However, there have been a small number of consequences which we have been working on. Obviously not show stoppers otherwise the planned work would have been reversed, but oddities.
One of them was that we were having difficulty getting SNMP from some of our LNSs, which meant some of our monitoring was unavailable. This had left us scratching our heads somewhat as the LNSs were not rebooted or reloaded or anything.
Then, another snag was that today one of our servers that does syslog started to run out of disk. Again, a puzzle. But this was easier to understand just by looking at the logs.
It turns out these are related. We have some debug logs from the LNSs related to setting up PPP sessions and allocation of IP addresses. These are kept for a couple of days to help resolve any connection problems.
One of the things logged is the IPv6 allocation, and this is logged by logging the DHCPv6 request/reply exchange from the customer router. Usually these either happen once after connection or maybe once an hour.

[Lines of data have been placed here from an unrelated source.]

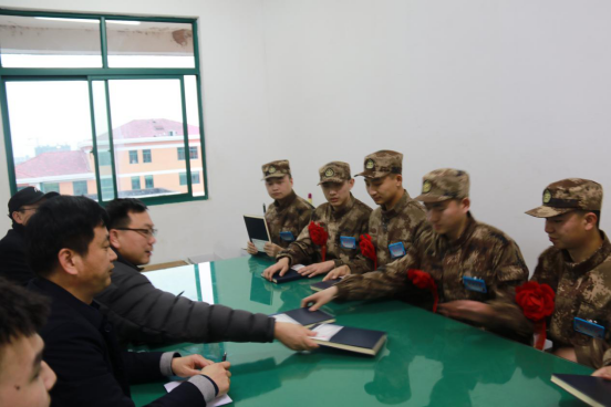 3月12日,我院武装部、学生工作处领导赶赴无锡市姚湾某训练基地,慰问正在参加役前训练的我院2021年春季应征入伍的7名同学。院武装部部长朱广革、学生工作处副处长林峰、保卫处综合科科长赵树轩与国防教育协会退役大学生代表参加了此次活动。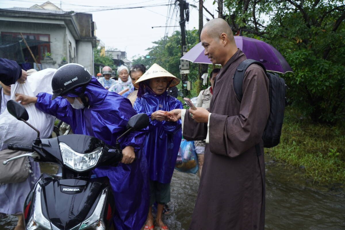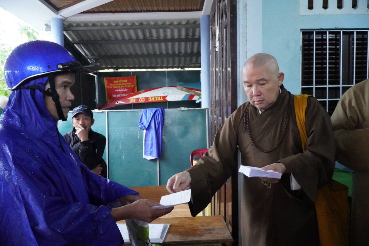 Thượng tọa gửi lời tri ân đến Giáo hội Phật giáo Huế và chính quyền sở tại đã tạo điều kiện để công tác cứu trợ diễn ra thuận lợi.
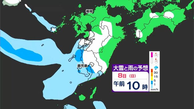 8日(日)は朝から昼前にかけて、薩摩地方を中心に雪が降りそうです。雪の降り方に注意をし、山間部や峠道を車で通る予定の方はチェーンの準備をしておきましょう。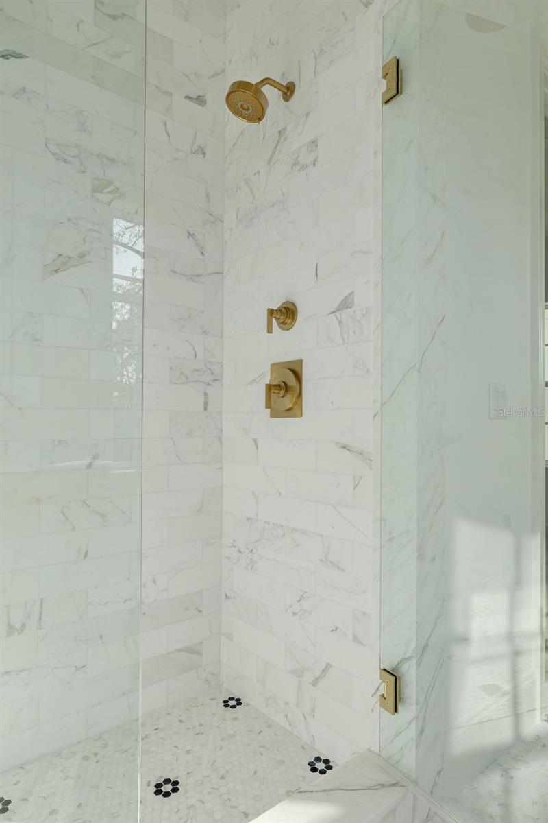 This is a MOVE-IN READY CANOPY SIGNATURE HOME in collaboration with LAUREN LEITNER DESIGN. Would you love to live just steps from BEACH DRIVE in St. Petersburg's coveted Historic Old Northeast in a custom designed Canopy Home? Here's your chance to make that dream a reality with Canopy Builders - St. Petersburg's most trusted name in luxury home construction. This new build sits on a desirable 89 x 110 sq ft corner lot and offers 4 Bedrooms (FIRST-FLOOR PRIMARY SUITE) + Study + Loft, 4 Baths, an oversized 2-car garage, pool and spa, plus an Accessory Dwelling Unit (ADU) with 1 bedroom and 1 bath. The main residence boasts 3,985 sq ft of living space, with the ADU adding 589 sq ft for a total of 4,574 sq ft under air. The ADU includes a full kitchen, laundry, and walk-in closet--ideal for guests, extended family, or rental income. Surrounded by brick streets and mature oak trees, this home blends modern luxury with timeless character, just a 10-minute walk to downtown St. Pete and the waterfront parks. From the welcoming front porch, you enter a foyer with tongue-and-groove paneling and designer lighting, while the formal dining room showcases grasscloth wallpaper, wainscoting, and a statement chandelier. The great room boasts a fireplace and coffered ceilings, flowing seamlessly into the kitchen, designed as both a chef's dream and a gathering space. The kitchen features a La Cornue range, paneled Sub-Zero refrigerator, Bosch dishwasher, and inset custom cabinetry, anchored by a white oak island with Calcutta marble countertops, tongue-and-groove ceiling, and a custom reeded range hood. A breakfast nook with a gold pendant sits just beyond, while the butler's pantry impresses with a paneled Avalon wine cooler, deep green cabinetry, brass shelving, marble counters, and gold hardware. The main level also includes a mudroom with dark cabinetry and brick herringbone flooring, a powder room with wallpaper and a soapstone vanity, and a laundry with custom cabinetry, marble checkerboard floors, and Calcutta counters. The primary suite offers wood-beamed ceilings and a spa-like bath with gold accents, fluted vanities, and Calcutta marble. Upstairs, a loft opens to three bedrooms, each with its own en suite, including designs with navy handcrafted tile and dark wood vanity, gingham tile with marble accents, and a white reeded vanity with silver hardware. The upstairs laundry includes deep green tile, Carrera marble counters, and soft white cabinetry. Canopy not only designed the interior but also customized all exterior finishes. Out back, enjoy a custom pool and spa, outdoor kitchen with grill and brick hood, and lush surroundings. The detached ADU includes quartz counters, white cabinetry, and subway tile backsplash. Planned features include Hardie Board siding, a tankless gas water heater, impact-resistant windows, and engineered hardwood floors throughout. Dual digital thermostats allow independent climate control. Additional luxuries include 10' ceilings on the first floor, 9' ceilings on the second, 8' interior doors, and Canopy's signature gas sconces on the porch. This home is walking distance to waterfront North Shore Park, biking distance to downtown, and just a 20-minute drive to St. Pete Beach or Tampa. Contact us to learn more about the custom finishes that make this home truly one of a kind.

The problem, it seems, is rather odd. Some customers still use the Technicolor ADSL broadband routers that we used to sell from years ago. It seems many of these got upset in a rather odd way after the work on Thursday. We can see no logical reason for this, but they are now in a state where they are on-line and working, but generating approximately 1GB of uplink traffic a day, each, sending DHPCv6 requests! We were logging all of these. It seems the logging may actually have been so much load that it was impacting the SNMP responses.
The fix is rebooting the Technicolor routers, which, thankfully, we can do remotely.
But this gives me a slight insight in to the difficulty of collecting Internet Connection Records. Each of these DHCPv6 exchanges would be something that might well be logged as an ICR.
In practice, just trying to log this one type of packet we could not keep up - the log file was only 16GB (158 million entries) since 4am today. Looking at the traffic levels, that is a tiny fraction of the number of requests being sent by these routers. Our LNS logging system has built in limiting to try and avoid overloading things, and it was being pushed to the limits.
If we had to log every session (TCP/UDP/SCTP/IPSEC/ICMP, etc) there is just no way any of our existing kit could keep up. Of course it wasn't designed to! It was designed to shift packets quickly and provide Internet access to our customers, not snoop on anybody.
This also highlights the issue with any deliberate generation of ICRs by s/w on customer networks. It is easy with relatively low levels of traffic to cause a lot of ICRs to be created, if the #IPBill passes.